The combined value of sales and leases at the 17 largest brokerage offices here rose from $23.4 billion to $24.6 billion over the year ended Feb. 28, based on the Business Journal’s latest ranking.
That’s a nearly 5% year-over-year gain and the seventh annual increase in a row.
The latest annual ranking includes commercial property and land deals in OC, plus deals done elsewhere but brokered by those companies’ OC offices.
The seven-year streak of gains follows four previous years of declines as the local industry felt the brunt of the last commercial real estate downturn.
Deal activity bottomed out in 2009, when about $11.1 billion in transactions here were reported. Business for the area’s largest brokerages has more than doubled since.
Gains weren’t seen across the board last year, however, as nine listed brokerages reported less business.
Smaller firms appeared to take the brunt of the hit, as six of the seven smallest brokerages on the list had year-over-year declines.
Those smaller firms tended to see a corresponding decline in the size of their operations; five of the eight smallest employ fewer brokers than they did last year.
Overall, the companies on the list reported 681 brokers, up about 1% from a year earlier.
OC Attracts Investors
An influx of local and out-of-town investors—including plenty of foreign capital—helped drive activity in the market last year; sales transactions were up nearly 8%.
Orange County office, retail and hotel properties now trade at some of the lowest capitalization rates of any major market in the U.S., data from CBRE Group Inc. shows.
Firms that deal only in leasing had a harder go of it last year. The total number of leases reported by firms on the list declined by about 3% from 2015 levels.

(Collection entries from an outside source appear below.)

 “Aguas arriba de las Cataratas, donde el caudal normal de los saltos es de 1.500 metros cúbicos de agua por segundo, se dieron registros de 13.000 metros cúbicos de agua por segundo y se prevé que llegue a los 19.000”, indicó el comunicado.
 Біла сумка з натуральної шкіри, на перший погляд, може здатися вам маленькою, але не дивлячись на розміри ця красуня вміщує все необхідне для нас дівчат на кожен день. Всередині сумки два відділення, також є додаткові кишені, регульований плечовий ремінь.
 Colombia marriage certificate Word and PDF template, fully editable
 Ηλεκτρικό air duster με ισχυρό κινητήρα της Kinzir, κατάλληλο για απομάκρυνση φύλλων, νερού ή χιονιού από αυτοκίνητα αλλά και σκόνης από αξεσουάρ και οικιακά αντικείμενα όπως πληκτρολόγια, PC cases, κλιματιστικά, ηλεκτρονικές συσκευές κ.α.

Rising rents—and owner expectations of still more increases to come—appear to be keeping some tenants from pulling the trigger on new deals on the offices side, while an industrial sector with a minimal amount of vacancy is making it tough to do deals, according to Brian Childs, executive managing director of the Irvine office of NAI Capital.
“Office tenants are battling the increased lease rates by utilizing open space plans and higher employee counts,” said Childs, whose firm saw a 5% increase in brokerage work last year to $836 million, good for No. 9 on the list.

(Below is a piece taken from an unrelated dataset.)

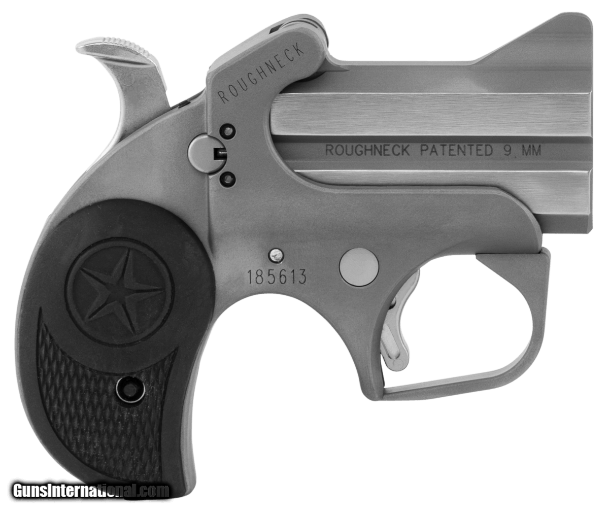 Description: Guns Listing ID: 25029 Roughneck is compatible with all standard Bond Arms barrels for easy caliber conversions. The pistol has stainless steel double-barrel and frame, the barrels and trigger are polished and the frame is sand blasted. Features- patented rebounding hammer, retracting firing pins, cross-bolt safety and spring-loaded, cammed locking lever. SOLD Manufacturer: BOND ARMS Model: ROUGHNECK Caliber Info: 9MM LUGER (9X19 PARA) Condition: new Barrels: 2.5 BARREL |

Higher sale and lease pricing is already baked into the market, Childs said, “So our expectation is for stabilized sale and lease pricing with limited growth in 2017.”
NGKF Additions
Firms that added brokers to their capital markets teams—which handle the bulk of OC’s priciest building sales—as well as those that have teams in place, saw some of the biggest gains on the list.
Newmark Grubb Knight Frank jumped three spots to No. 4 with about $2.6 billion in transactions—more than twice its prior year’s totals.
The firm’s Newport Beach office said its deal-flow nearly tripled compared with a year earlier, in terms of sales.
Much of that increase was the result of the hiring of a capital markets team from CBRE—led by Paul Jones in Newport Beach and Kevin Shannon in the firm’s El Segundo office—that handles big-dollar office sales, said Greg May, executive managing director of Newmark’s Orange County operations.
Newmark is now looking to bolster its investment-sales platform in the industrial sector, May said, and it recently brought in a leasing team from JLL that has the listing for about 6 million square feet of office space in the area.
The capital markets team in Cushman & Wakefield Inc.’s Irvine office had a hand in several of last year’s largest property sales, including the estimated $255 million sale of Irvine’s Google Center office campus, OC’s largest office sale last year.
Those deals helped push Cushman to the No. 2 spot on the list, up one place, with $3.3 billion in transaction volume. That was a nearly 36% year-over-year increase.
Despite a 14% dip in reported work in OC, the local offices of CBRE still comfortably kept the No. 1 spot on the list. The Los Angeles-based firm’s Newport Beach and Orange offices reported a combined $3.8 billion worth of work last year.
Rounding off the top five was No. 3, Colliers International, with about $2.7 billion of local business, and No. 5, JLL, with about $2.1 billion in work from its local office.
Colliers’ Irvine office has recently taken on a higher profile for the Toronto-based commercial brokerage following Martin Pupil’s promotion around the start of the year to president of the firm’s U.S. brokerage efforts.
Pupil has been based in its Orange County office for nearly a decade.
Other OC branches of national brokerages that are now getting an outsize share of attention include the Newport Beach office of Savills Studley, No. 11 on the list with $700 million in deals.
The firm in February completed the acquisition of Cresa Orange County, the Newport Beach affiliate of Cresa LLC in Boston.
The two Orange County offices are merging their operations and now operate as Savills Studley. The combined firm has about 35 brokers in its OC office, which is believed to make it the largest tenant advisory group in the Western U.S. by headcount.